Trade revenue remained under pressure, but it continued to make market share gains in some of the world’s largest trade centres, including Hong Kong and Singapore.

Like its competitors, HSBC is investing in digital innovation and is working with the Hong Kong government to develop the next generation of banking technology at a new innovation lab. The bank and the government-funded Hong Kong Applied Science and Technology Research Institute have joined hands to focus on areas including online banking, cyber security, biometric authentication, big data analytics, artificial intelligence, and blockchain technology.

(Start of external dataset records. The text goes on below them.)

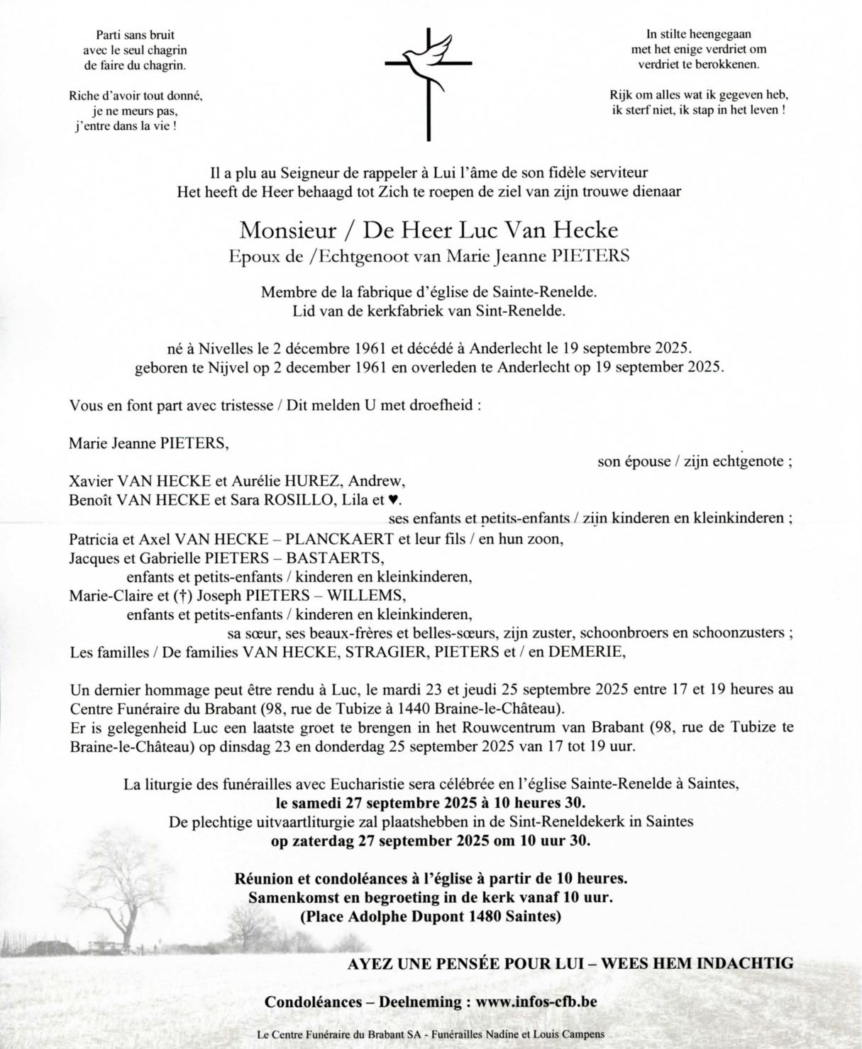Décédé à Anderlecht (1070, Belgique) le vendredi 19 septembre 2025 à l'âge de 63 ans
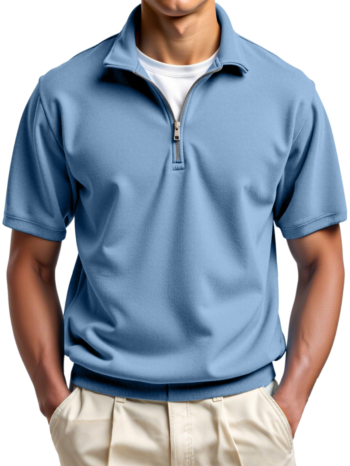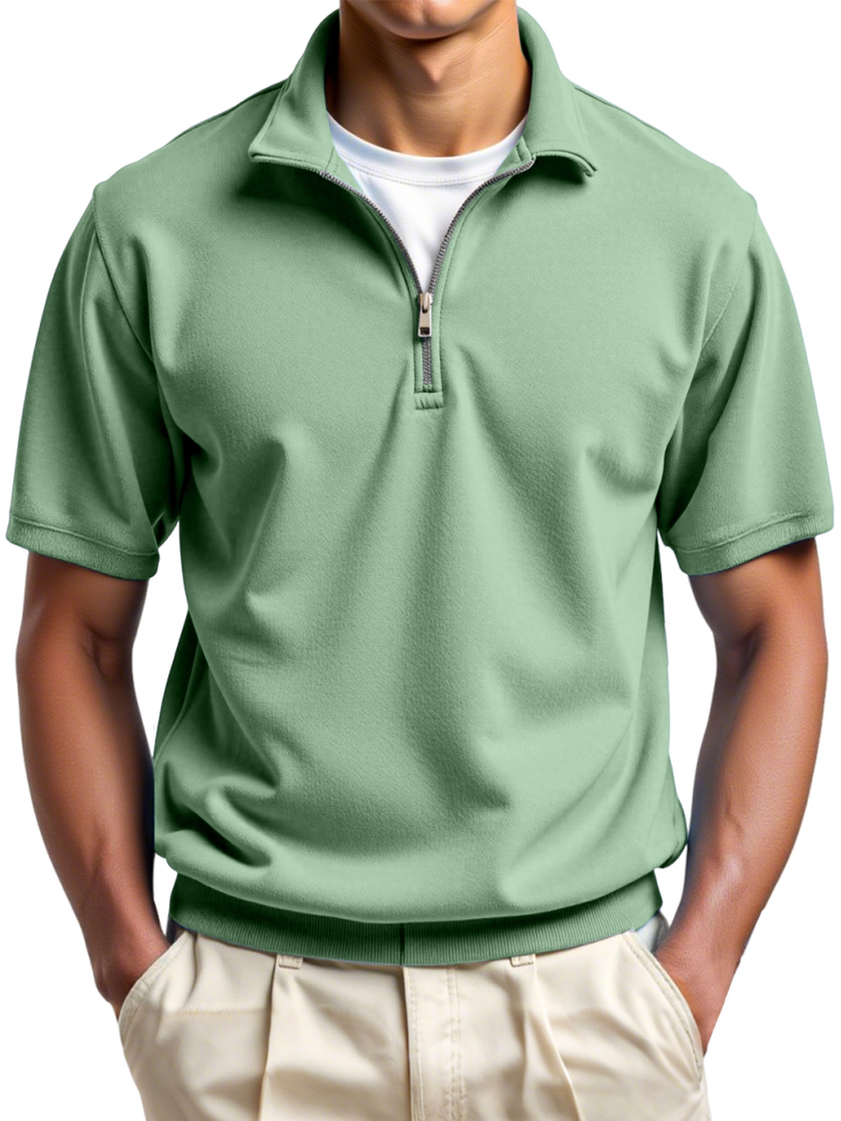 Einfaches, einfarbiges Poloshirt mit Reißverschluss für Herren
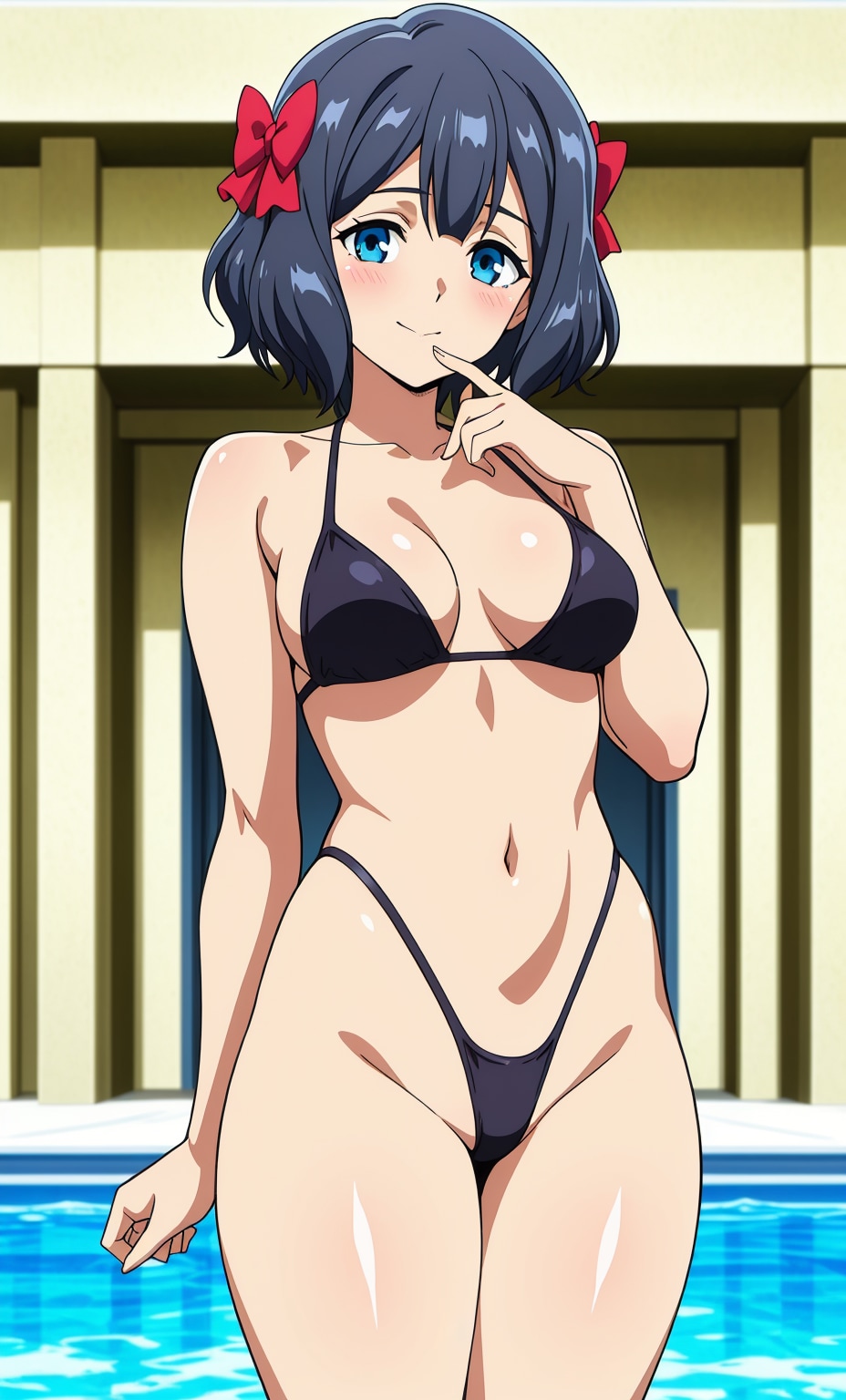 この日の為に用意した魅惑の黒ハイレグビキニ姿でマスター(クライ)を誘惑するのだが?・・プールに恐るべし狂犬の足音が近づいていて・・😱💦(ナレーション風)。
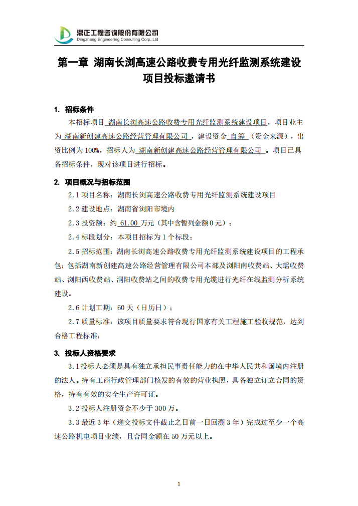 湖南長瀏高速公路收費專用光纖監測系統建設項目投標邀請書

In terms of deals, HSBC is active in arranging IPO deals in 2016 such as the US$7.4 billion share sale for Postal Savings Bank of China and US$810 million for CDB Financial Leasing Company. It also arranged a US$600 million zero coupon H-share convertible bond for CRRC Corporation.

HSBC is a debt market powerhouse with a strong franchise in G3 and local currency bonds, as well as in syndicated loans. It topped the league table again for arranging G3 bonds in the region, with deals across a wide spectrum of credits from sovereign to corporates and financial institutions. It brought Asian insurance companies to the offshore bond markets for the first time, such as Union Life Insurance and Ping An Life Insurance. It was a structuring adviser in a number of green bond deals, and it is a pioneering house in G3 liability management in Asia.

In loan syndication, it was a mandated lead arranger and underwriter in the US$3.5 billion acquisition financing for the purchase of Supercell by Tencent-led consortium, and a mandated lead arranger and bookrunner in the US$32.7 billion acquisition financing for Syngenta by ChemChina.

In terms of M&A, HSBC was adviser in the ChemChina/Syngenta deal, and in the disposal of Casino’s majority stake in Big C Supercenter. It also engineered the China Overseas Land and Investment’s strategic acquisition of CITIC Group’s property portfolio.